Who are Beneficial Owners?

A beneficial owner is any individual who, directly or indirectly, either:

  1. Exercises “substantial control” over a reporting company; or
  2. Owns or controls at least 25 percent or more of a reporting company.

An individual has substantial control over a reporting company if they direct, determine, or exercise substantial influence over important decisions of the reporting company.  Any senior officer (such as a President, CEO, CFO, COO, or General Counsel) is deemed to have substantial control over a reporting company.   

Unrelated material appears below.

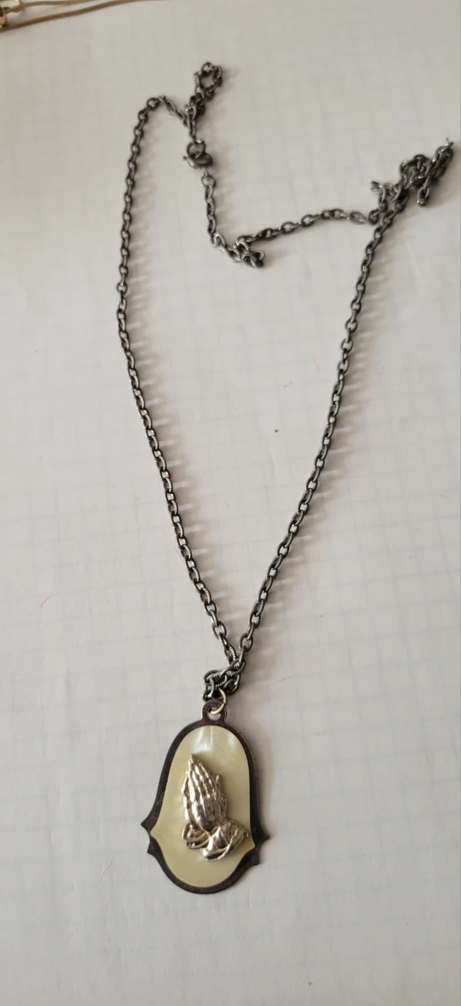 This necklace features a pendant with the Serenity Prayer engraved on one side. It also has a smaller charm with praying hands. The chain is metal. It's a thoughtful piece for anyone seeking comfort and guidance.

Who are Company Applicants?

There are two types of company applicants:

  1. The individual who directly files the document that creates the entity. For foreign reporting companies, this is the individual who registers the entity to do business in the United States.
  2. The individual who is primarily responsible for overseeing or managing the filing of the relevant document by another person.

Such individuals may include the general counsel, outside counsel, and CPAs.  

What are FinCEN Identifiers (FinCEN ID)?

Individuals who provide the four required pieces of information above, as well as reporting companies, have the option of obtaining a “FinCEN Identifier.” This identifier may be used in lieu of the required information when submitting a BOI report to FinCEN.

Are There Penalties for Non-compliance?

It’s illegal to knowingly provide false or fraudulent beneficial ownership information or to willfully fail to provide beneficial ownership information to FinCEN.  Violations may result in civil penalties of $500 per day (up to $10,000) or criminal penalties of up to 2 years in prison. 

Timeline for Compliance

The rule is effective January 1, 2024. Reporting companies formed or registered before that date will have until January 1, 2025, to file their initial reports. Reporting companies formed or registered after the effective date will have 30 days to file their initial reports. Reporting companies will also have 30 days to report changes to previously filed information and to correct errors.

Conclusion

The BOI report requirements affect many businesses, their owners, and management teams. They require the collection of sensitive personal information. It’s expected that the collection of such information will be a delicate, time-consuming process that requires careful handling. Therefore, these affected companies and individuals should familiarize themselves with the requirements prior to the BOI report due date.